### Available data ###

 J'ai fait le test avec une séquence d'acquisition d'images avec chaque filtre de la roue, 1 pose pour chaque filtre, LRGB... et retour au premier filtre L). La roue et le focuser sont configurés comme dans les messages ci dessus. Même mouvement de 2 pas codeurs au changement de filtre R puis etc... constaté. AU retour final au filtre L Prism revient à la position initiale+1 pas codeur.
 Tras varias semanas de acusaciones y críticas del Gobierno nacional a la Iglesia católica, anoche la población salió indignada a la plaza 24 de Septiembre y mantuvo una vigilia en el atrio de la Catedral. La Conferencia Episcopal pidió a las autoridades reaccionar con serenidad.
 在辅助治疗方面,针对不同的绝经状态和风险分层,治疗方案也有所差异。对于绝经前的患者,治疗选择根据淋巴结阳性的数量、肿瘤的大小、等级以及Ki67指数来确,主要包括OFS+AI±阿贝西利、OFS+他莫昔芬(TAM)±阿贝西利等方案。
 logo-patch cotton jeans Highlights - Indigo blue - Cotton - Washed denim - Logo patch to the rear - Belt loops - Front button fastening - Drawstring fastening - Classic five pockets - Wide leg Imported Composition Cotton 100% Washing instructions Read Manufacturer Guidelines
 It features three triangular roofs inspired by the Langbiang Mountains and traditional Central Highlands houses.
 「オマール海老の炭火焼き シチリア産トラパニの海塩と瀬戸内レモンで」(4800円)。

###
### Available data ###

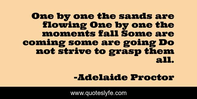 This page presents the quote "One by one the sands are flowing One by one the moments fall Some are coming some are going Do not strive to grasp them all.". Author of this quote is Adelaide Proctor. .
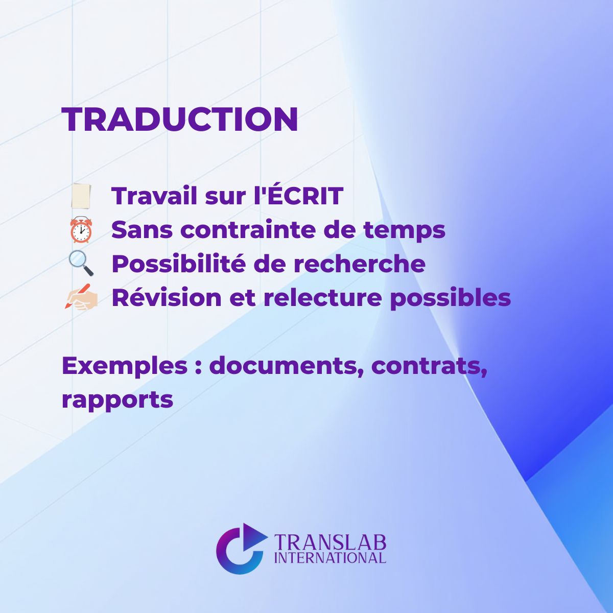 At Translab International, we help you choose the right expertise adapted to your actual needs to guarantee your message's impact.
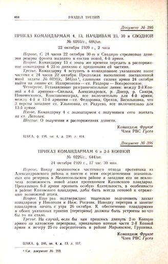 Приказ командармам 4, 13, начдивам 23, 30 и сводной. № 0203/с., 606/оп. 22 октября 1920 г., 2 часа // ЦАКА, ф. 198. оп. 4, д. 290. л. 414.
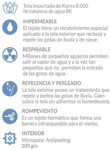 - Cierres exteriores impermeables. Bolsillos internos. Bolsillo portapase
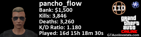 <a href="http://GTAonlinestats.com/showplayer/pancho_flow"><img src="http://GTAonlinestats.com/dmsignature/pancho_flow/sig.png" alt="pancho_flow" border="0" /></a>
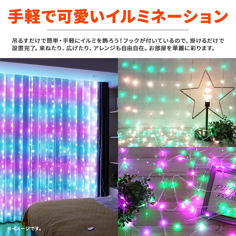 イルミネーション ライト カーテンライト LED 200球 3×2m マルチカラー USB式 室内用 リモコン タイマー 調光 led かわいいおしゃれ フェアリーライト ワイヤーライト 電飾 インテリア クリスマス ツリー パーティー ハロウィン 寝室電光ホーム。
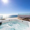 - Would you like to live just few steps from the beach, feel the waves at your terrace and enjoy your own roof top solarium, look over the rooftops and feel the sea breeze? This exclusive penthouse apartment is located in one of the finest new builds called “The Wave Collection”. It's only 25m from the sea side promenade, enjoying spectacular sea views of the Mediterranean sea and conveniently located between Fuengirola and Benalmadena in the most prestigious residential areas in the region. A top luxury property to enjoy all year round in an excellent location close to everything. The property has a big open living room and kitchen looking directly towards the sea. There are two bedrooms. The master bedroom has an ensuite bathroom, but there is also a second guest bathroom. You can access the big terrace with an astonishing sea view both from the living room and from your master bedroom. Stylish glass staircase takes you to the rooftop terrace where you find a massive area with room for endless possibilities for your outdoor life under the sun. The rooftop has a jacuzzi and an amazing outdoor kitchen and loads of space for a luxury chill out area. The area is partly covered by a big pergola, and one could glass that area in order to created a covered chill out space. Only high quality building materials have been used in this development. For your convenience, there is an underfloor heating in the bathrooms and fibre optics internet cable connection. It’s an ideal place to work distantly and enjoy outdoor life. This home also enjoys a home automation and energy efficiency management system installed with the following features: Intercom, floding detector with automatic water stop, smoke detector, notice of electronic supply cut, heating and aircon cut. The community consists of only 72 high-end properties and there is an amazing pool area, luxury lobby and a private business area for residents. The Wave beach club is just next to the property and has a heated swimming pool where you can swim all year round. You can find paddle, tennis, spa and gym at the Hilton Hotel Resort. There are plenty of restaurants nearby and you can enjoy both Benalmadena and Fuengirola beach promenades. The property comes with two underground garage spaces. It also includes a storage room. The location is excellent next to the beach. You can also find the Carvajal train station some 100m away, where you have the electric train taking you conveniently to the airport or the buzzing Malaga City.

###

◆ Task to carry out: Repeat, exactly as they stand above, the lines from the line with "J'ai fait le" to the line with "在辅助治疗方面,针对不同的绝", both lines included.

◆ Exercise solution:
 J'ai fait le test avec une séquence d'acquisition d'images avec chaque filtre de la roue, 1 pose pour chaque filtre, LRGB... et retour au premier filtre L). La roue et le focuser sont configurés comme dans les messages ci dessus. Même mouvement de 2 pas codeurs au changement de filtre R puis etc... constaté. AU retour final au filtre L Prism revient à la position initiale+1 pas codeur.
 Tras varias semanas de acusaciones y críticas del Gobierno nacional a la Iglesia católica, anoche la población salió indignada a la plaza 24 de Septiembre y mantuvo una vigilia en el atrio de la Catedral. La Conferencia Episcopal pidió a las autoridades reaccionar con serenidad.
 在辅助治疗方面,针对不同的绝经状态和风险分层,治疗方案也有所差异。对于绝经前的患者,治疗选择根据淋巴结阳性的数量、肿瘤的大小、等级以及Ki67指数来确,主要包括OFS+AI±阿贝西利、OFS+他莫昔芬(TAM)±阿贝西利等方案。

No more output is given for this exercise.